Which child do you think feels more secure now? Which child do you think has just been taught to fear and distrust adults? Which child was treated like a human being with thoughts and anxieties that deserve respect? Which was treated well? Which was treated poorly?
The reason women are so very angry right now is that society has been that second parent to us for centuries. Despite the fact that ¼ of us will be raped in our lifetimes, despite the fact that even more than that will be harassed or stalked or assaulted or terrorized, society keep screaming at us, “There is no monster/rapist in the closet! Now shut up and fuck off!” Because rape and harassment don’t always have witnesses. And for so many people, if it can’t be seen, it doesn’t exist.
But what would it be like if society behaved more like the first parent? What if our government and our culture acknowledged that there’s a scary monster, and we can’t always prove it, but it’s a problem we women (and men too!) are having that needs to be addressed? What if they commit to brainstorming and working to find some solutions, from changing the culture, to better law enforcement, to educating citizens?

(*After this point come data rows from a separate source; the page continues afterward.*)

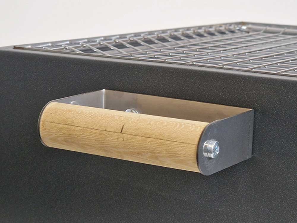 - Materialien: Gehäuse Stahl, Kohlewanne und Rost Edelstahl, Griffe & Füße Holz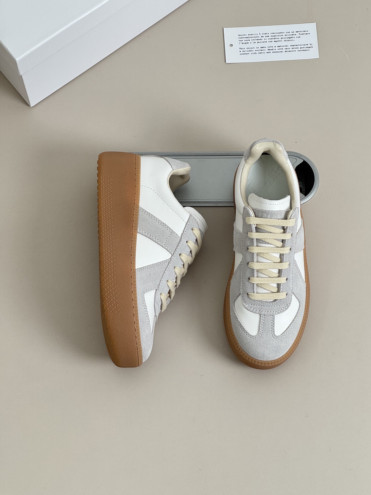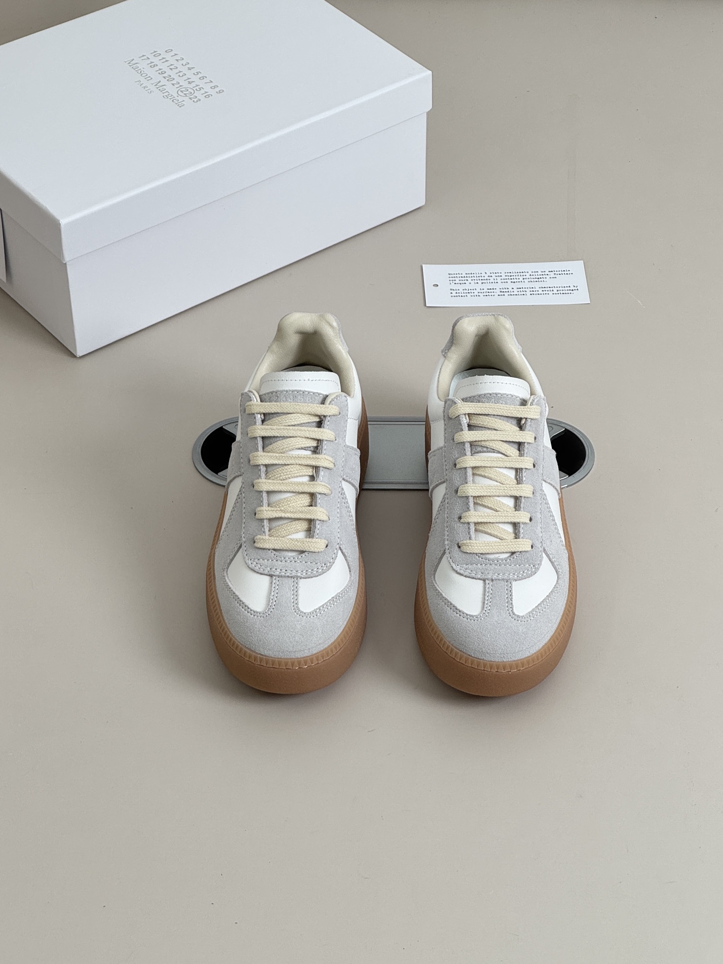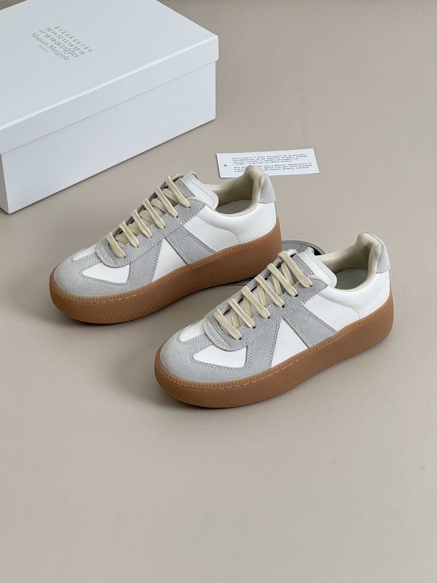 这款鞋子是AAAAA 1:1 质量 (非常棒). 使用了和原版一模一样的材料. 商标部分也保持了和Maison Margiela一样. 图片拍摄是实物鞋子拍摄, 您所收到的实物保证和我们图片一模一样.
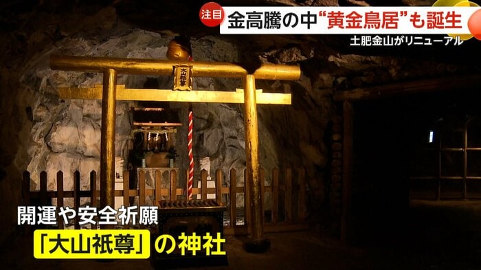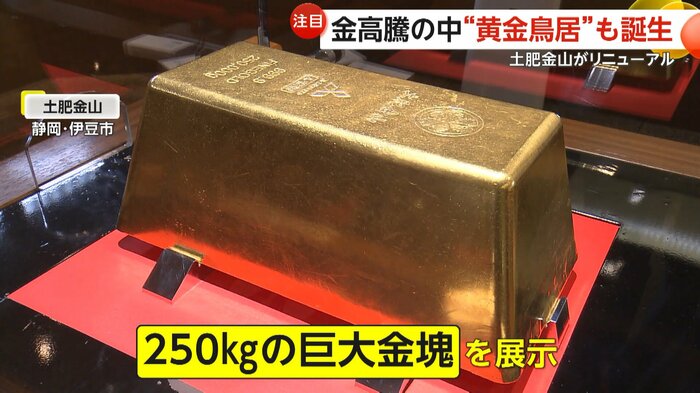 静岡・伊豆市の「土肥金山」が、2025年末に金のテーマパークとしてリニューアルオープンした。坑道内には金箔を施した高さ約2.4mの「黄金鳥居」が50本並び、話題を呼んでいる。一方、以前展示していた実際に触れる重さ250kgの巨大な金塊は、金価格の高騰により保険料などがかさみ、展示を終了したという。

Frankly, I believe Doctor Ford, and I believe Brett Kavanaugh. Just as you don’t have to believe IN the monsters to believe the child, I don’t have to disbelieve one party in order to believe the other. Believing both is absolutely possible, and believing women’s stories of assault does not mean automatically convicting the men they accuse. I believe he did assault her, just as she recalls, but he doesn’t remember the incident at all, both because that sort of thing was common and socially accepted back then (though still both morally wrong and illegal), and because he did drink heavily according to many of his friends.
But what if he believed her? What if Brett Kavanaugh said this:
“I don’t remember that at all, but I believe you. I believe it’s possible, no…probable, since you are so certain it was me, that I did something to harm you. After all, I did drink a lot back then, and I don’t recall every moment perfectly, so it is possible that I assaulted you. And I am so very sorry. I really didn’t mean to hurt anyone. And I know that an apology doesn’t help much, but I do apologize, and I will be sure it can never happen again. I will limit my drinking, and when I do drink, I will always have a sober friend around. I will change, because an apology isn’t enough. True remorse demands change.”
I’d respect the hell out of him if he said that. If he said something like that, I could honestly say, “I don’t like his politics, but I think he’s a good person.” But he didn’t say that, because he’s not a good person. And he’s not a good person because he doesn’t empathize with others, and he does not give people the respect they deserve as fellow human beings.
Because that’s what “believe women” boils down to. Believing other people’s stories of trauma means believing that the thing they feel so strongly about deserves to be addressed in some way. It’s having some ability to put yourself in other people’s shoes, to see events through their eyes. It’s about respecting our fellow human beings and really listening to what they have to say. And it’s a courtesy we’ve denied women and their stories of assault and trauma for far too long.